Collected data entries:
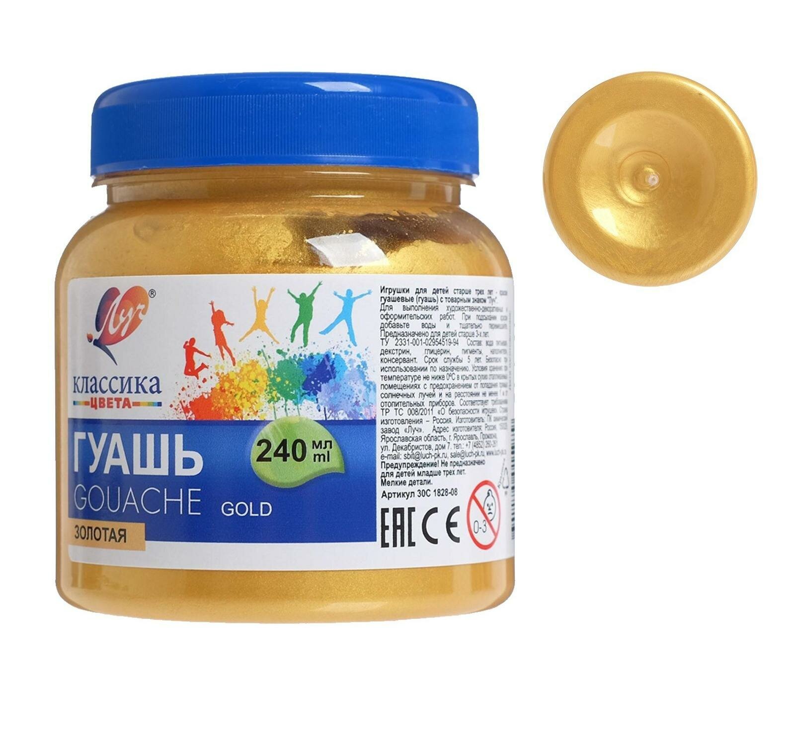Гуашь художественная 1 шт. ЛУЧ "Классика", 240 мл, золотая, 30С 1828-08
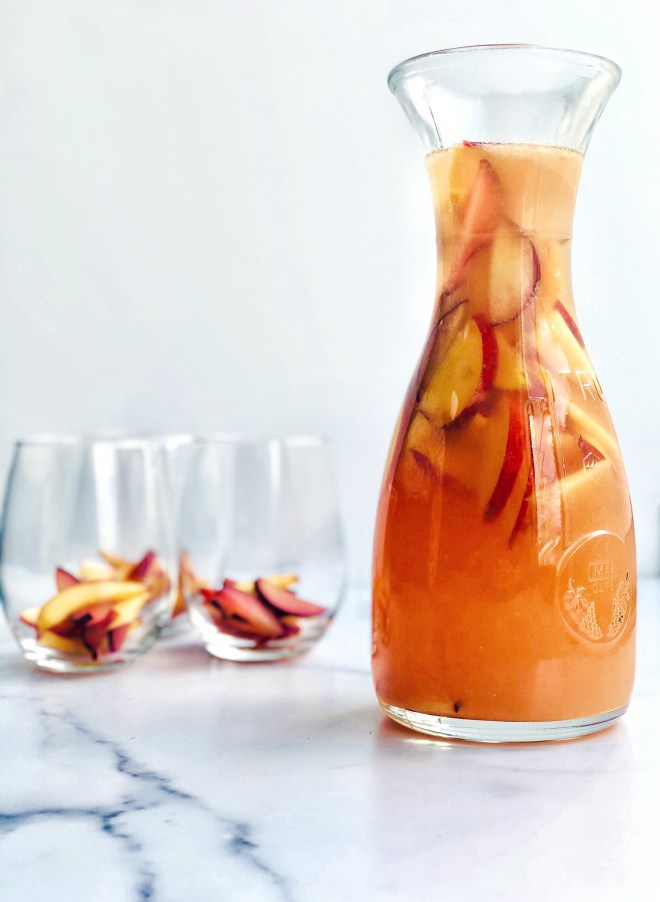 The recipe is flexible – use whatever stone fruit you have lying around. Think anything with a pit: cherries, peaches, nectarines, apricots, or plums. If you don’t like elderflower liqueur or can’t find it, you could try raspberry, peach, or orange flavored liqueur. And if you’re feeling a little extra, you can throw in some fresh herbs like thyme or basil. The only thing I strongly recommend is using a dry, Provence-style rosé.
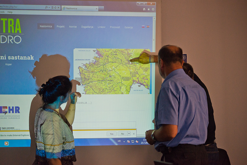 Slika 6. Razprava ob projekciji s spletne strani ISTRA-HIDRO / Rasprava pomoču projekcije internetske stranice projekta ISTRA-HIDRO (Foto: S. Mozetič)
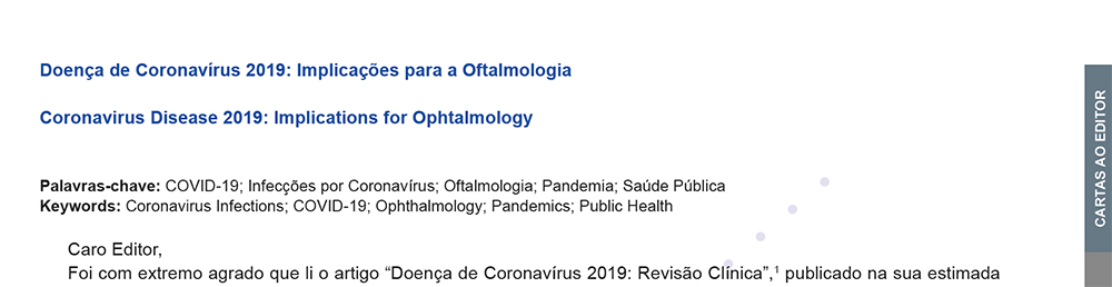 Foi com extremo agrado que li o artigo “Doença de Coronavírus 2019: Revisão Clínica”,1 publicado na sua estimada revista. Trata...
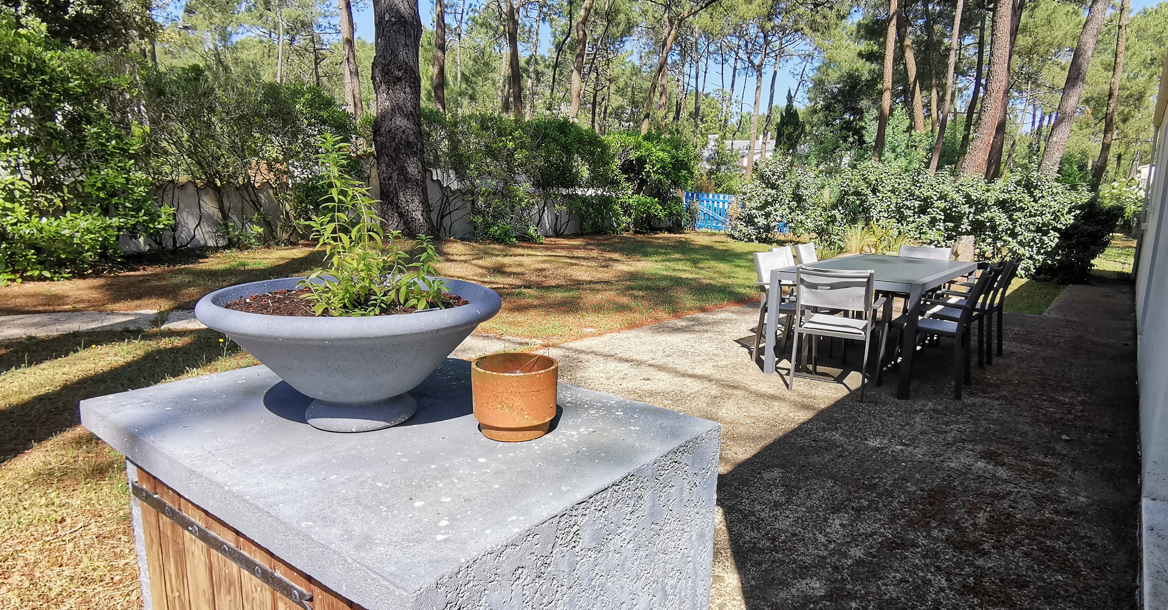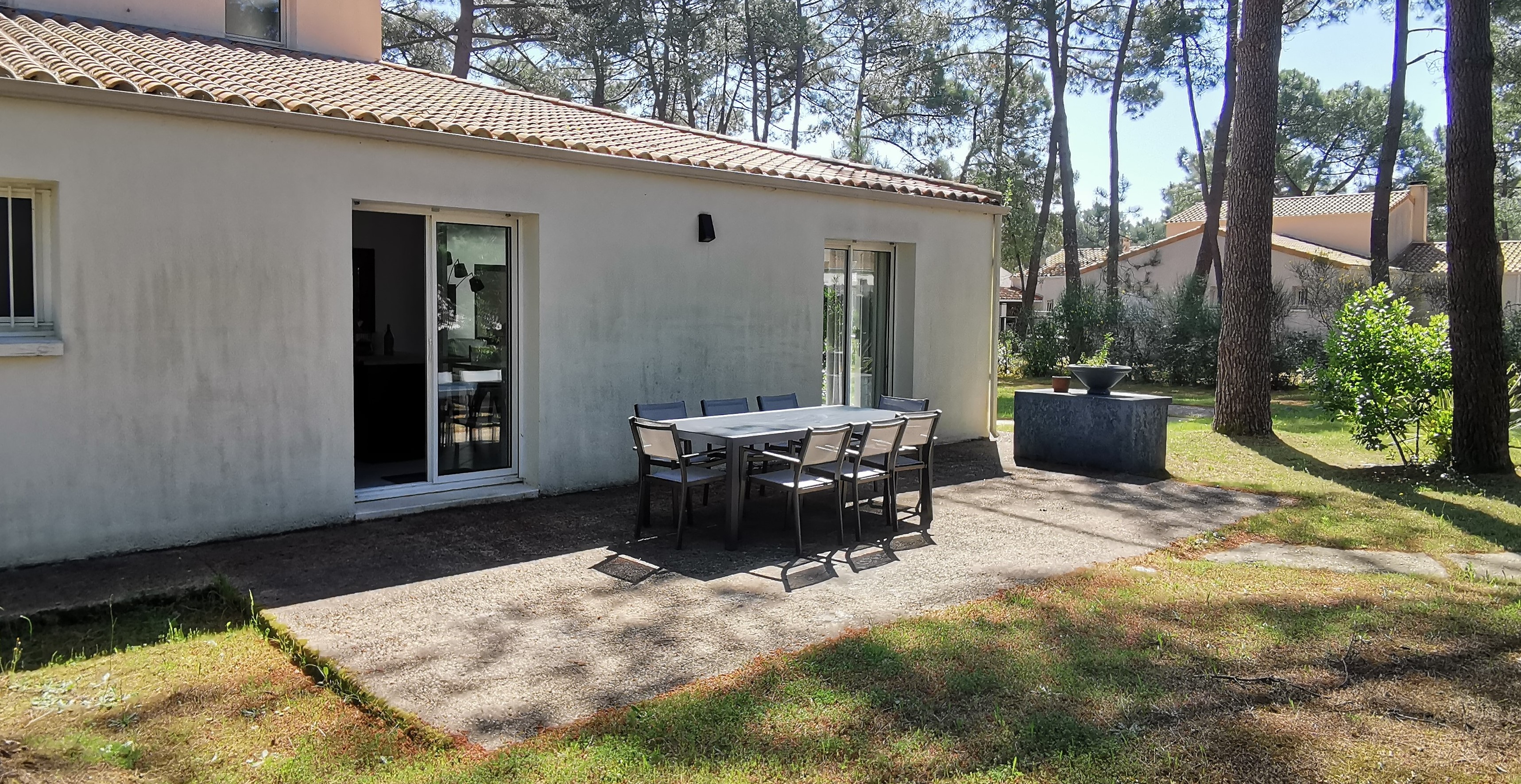 A l’extérieur la Villa possède un parc de 1800m² avec deux terrasses équipées à l’ombre de la pinède et permettant de stationner plusieurs véhicules. Idéale pour des vacances entre amis ou en famille cette villa a une capacité de 14 personnes maximum. Animaux non admis. Accès wifi compris. Le ménage de fin de séjour est à réaliser par les locataires. Services en suppléments sur demande : location de draps, linge de toilette et de matériel bébé, ménage de fin de séjour (300€)

Task to carry out: Except for the pictures, set down all of the records exactly as they are.

Answer for the task:
Гуашь художественная 1 шт. ЛУЧ "Классика", 240 мл, золотая, 30С 1828-08
 The recipe is flexible – use whatever stone fruit you have lying around. Think anything with a pit: cherries, peaches, nectarines, apricots, or plums. If you don’t like elderflower liqueur or can’t find it, you could try raspberry, peach, or orange flavored liqueur. And if you’re feeling a little extra, you can throw in some fresh herbs like thyme or basil. The only thing I strongly recommend is using a dry, Provence-style rosé.
 Slika 6. Razprava ob projekciji s spletne strani ISTRA-HIDRO / Rasprava pomoču projekcije internetske stranice projekta ISTRA-HIDRO (Foto: S. Mozetič)
 Foi com extremo agrado que li o artigo “Doença de Coronavírus 2019: Revisão Clínica”,1 publicado na sua estimada revista. Trata...
 A l’extérieur la Villa possède un parc de 1800m² avec deux terrasses équipées à l’ombre de la pinède et permettant de stationner plusieurs véhicules. Idéale pour des vacances entre amis ou en famille cette villa a une capacité de 14 personnes maximum. Animaux non admis. Accès wifi compris. Le ménage de fin de séjour est à réaliser par les locataires. Services en suppléments sur demande : location de draps, linge de toilette et de matériel bébé, ménage de fin de séjour (300€)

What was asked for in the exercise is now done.